17/08/2014

Petit abécédaire. Aujourd'hui o comme occis

Il manqué trois cent nonante sept mètres à l'équipe féminine suisse du relais 4 x 100m. pour - éventuellement - offrir une autre médaille à la nation et tous ceux qui croyaient en elles, à savoir les quatre athlètes.

Prêtes ? Coup de pistolet. Miss Kambundji s'élance et trois mètres plus loin on assiste au premier lancer de témoin de l'histoire des championnats d'Europe. Pour elle la course s'arrête là. Pour les trois autres relayeuses aussi. Immense déception pour une équipe qui espérait une place sur le podium et, pourquoi pas, la plus haute.

Mais le plus important ne me paraît pas être le témoin qui se fait la malle sans prévenir. Non. Juste une désillusion à surmonter et que l'équipe surmontera.
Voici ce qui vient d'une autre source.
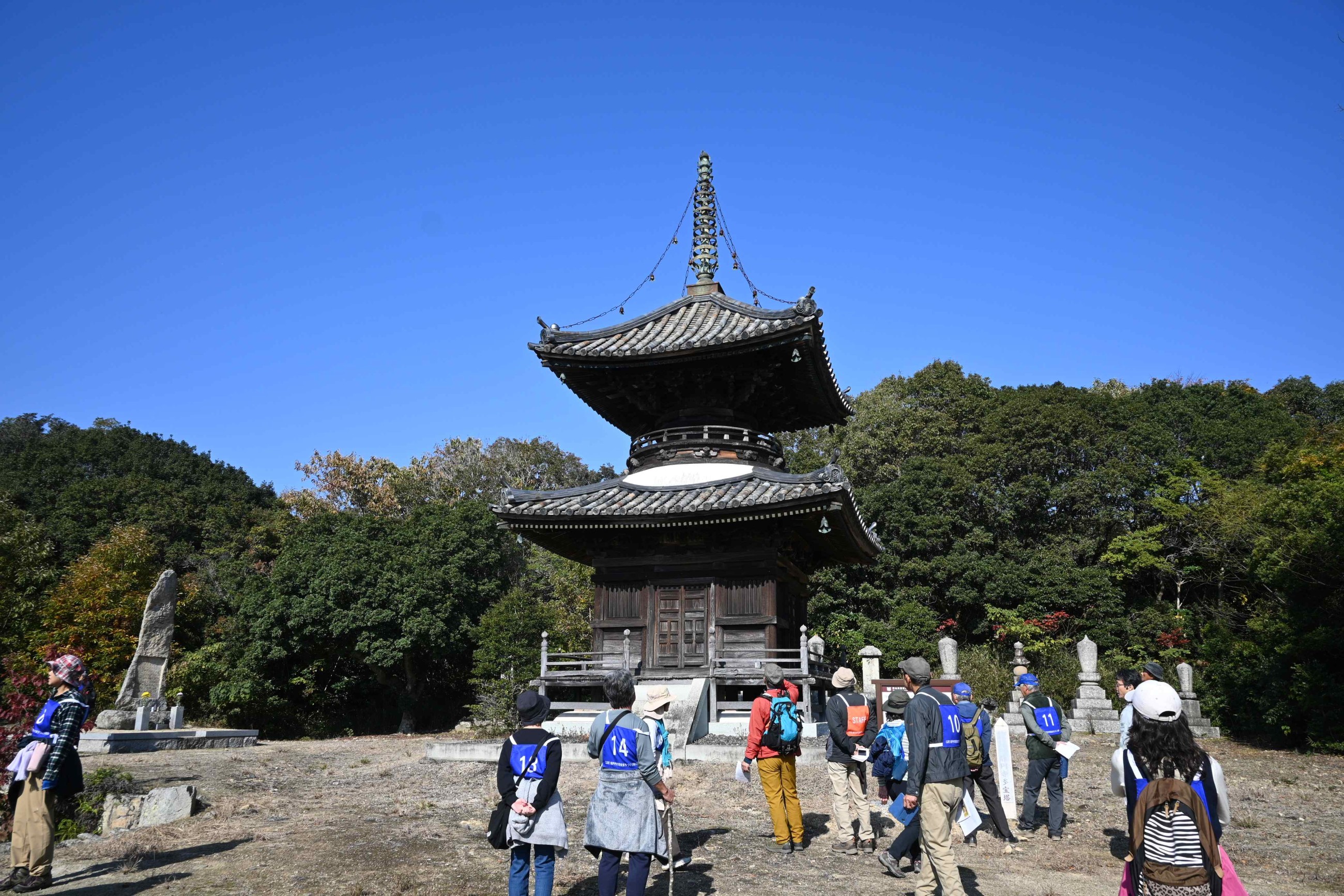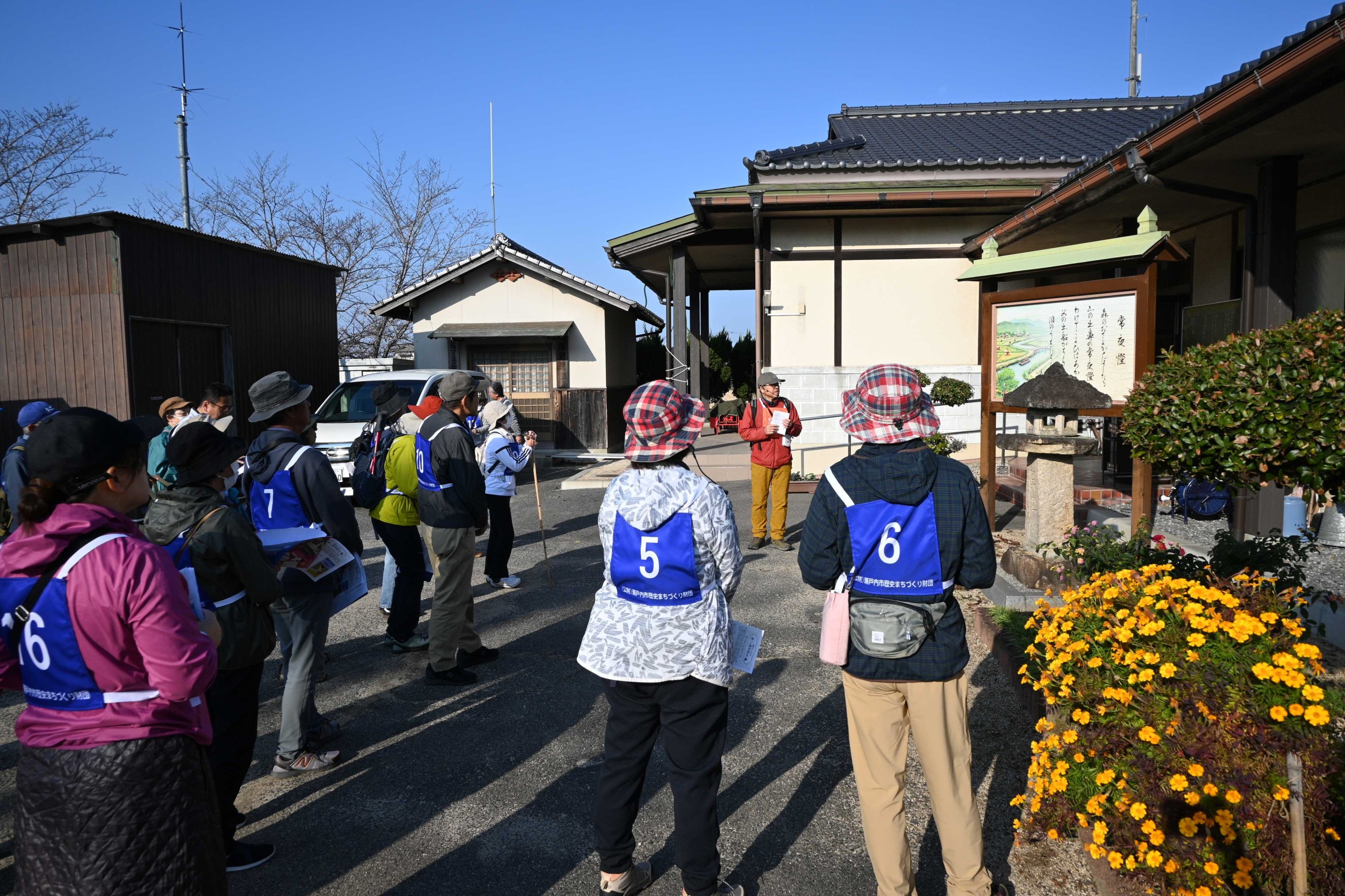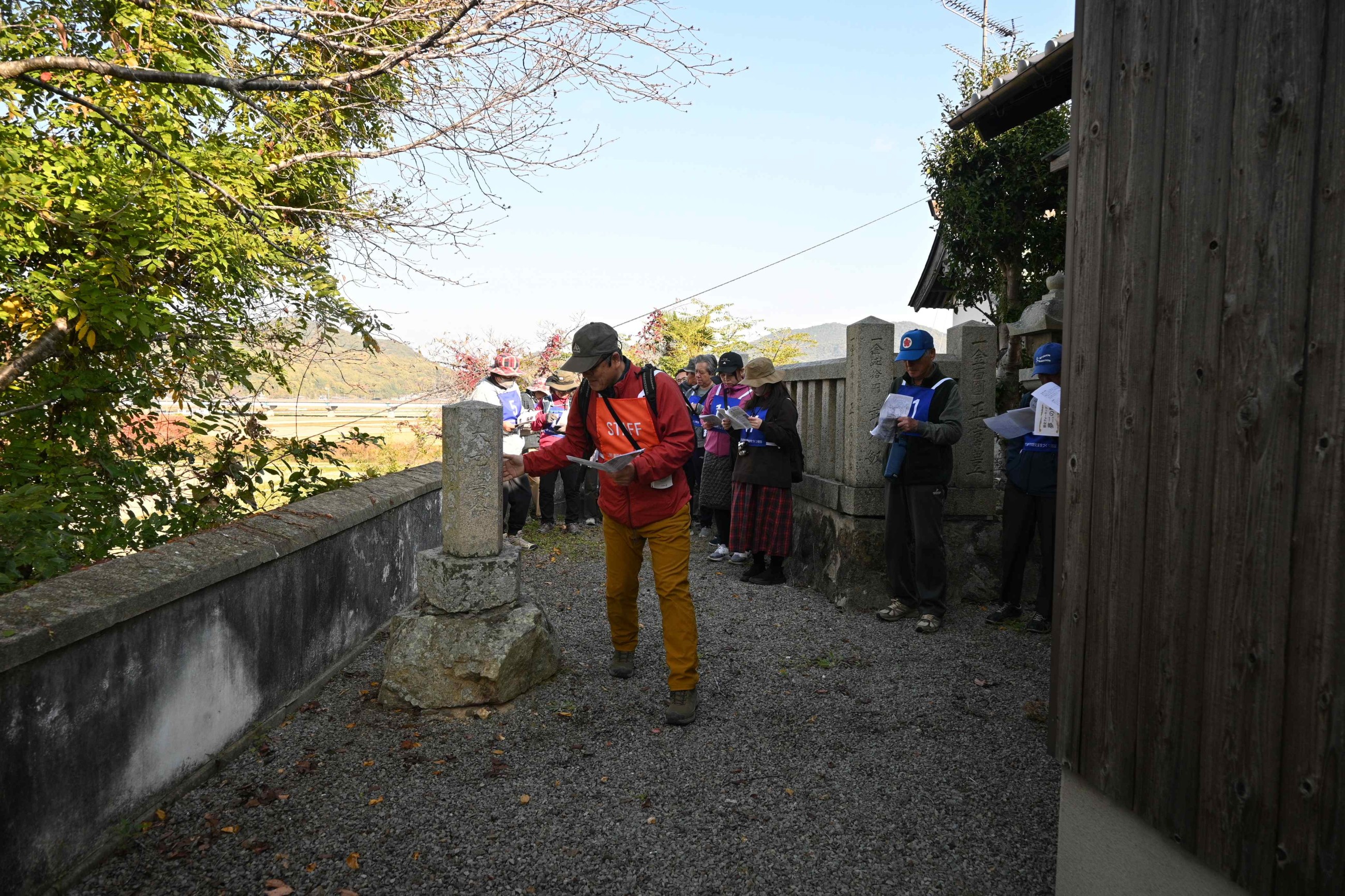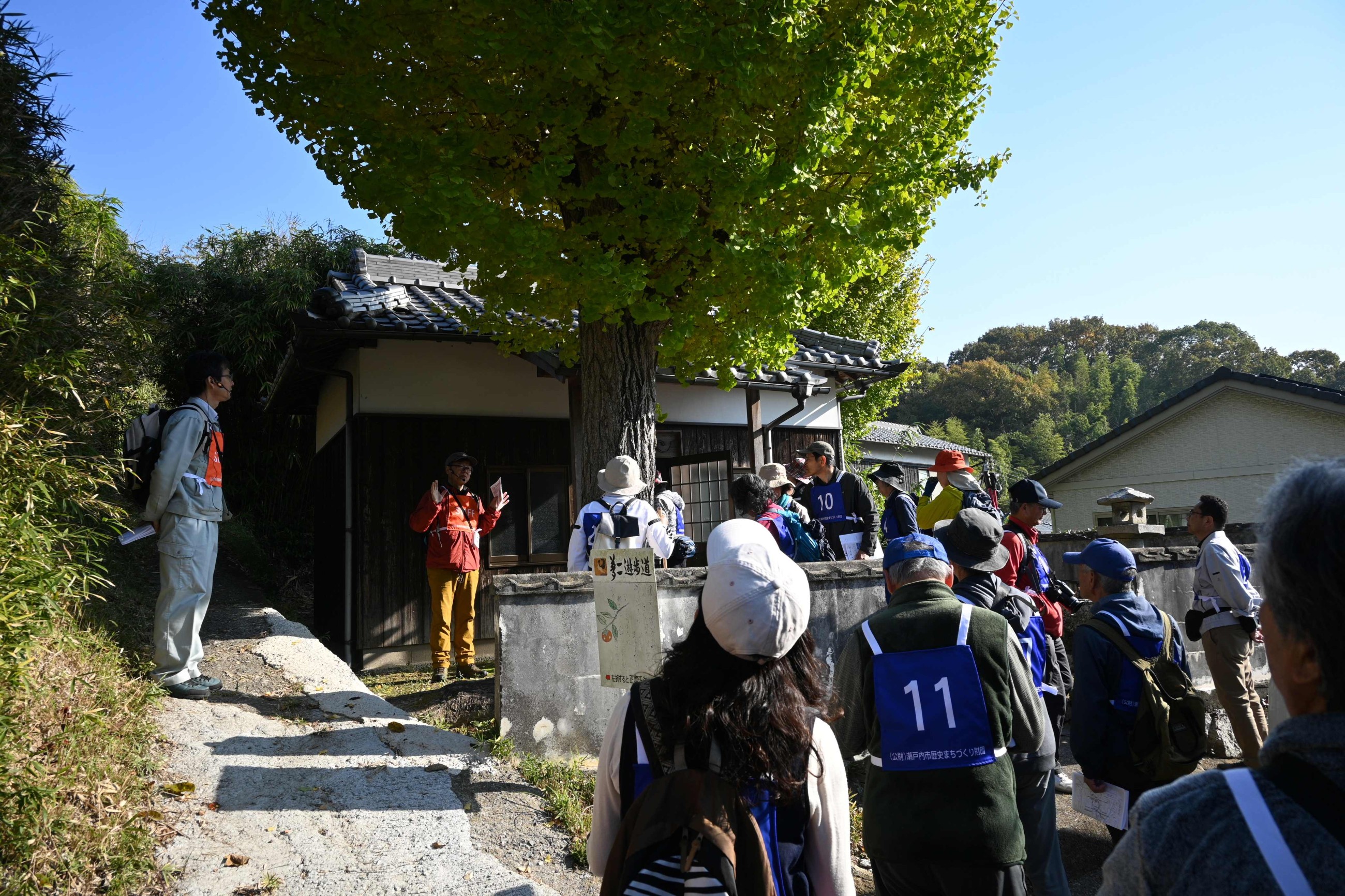 気持ちのいい秋晴れのもと、案内人の安木 義忠氏と村上 岳氏(ともに公益財団法人瀬戸内市歴史まちづくり財団)によるこの地域の歴史、文化、自然についての解説や、人物にまつわる興味深いエピソードを聞きながら、27名(関係者含む)が約5kmの道のりを歩きました。

Le plus important a été de voir une équipe restée soudée qui à aucun moment n'a accablé la "fautive". C'est aussi cela que j'aime dans le sport quand il reste un sport : la dignité dans la défaite. Occises debout, mais debout !

On peut être ivre de joie en cas de victoire. On peut aussi être grand dans la défaite.

Merci, Mesdames. Vous nous avez montré aujourd'hui que votre grandeur vous mènera à la victoire un jour ou l'autre.

Commentaires

Je partage votre avis, Michel. Ces filles sont formidables.

Écrit par : hommelibre | 17/08/2014

Miss Kambundji a prouvé qu'elle était une vraie Suissesse. Championne du monde des matchs amicaux, archi-nulle quand il y a un enjeu. Vive la Suisse qui perd.
Cela nous évite les cocoricos genre le super Thurgovien Kariem Hussein...

Écrit par : Géo | 17/08/2014

Géo, j'ai hésité à publier votre commentaire car il suinte un poil la xénophobie, à moins que cela ne soit du racisme primaire.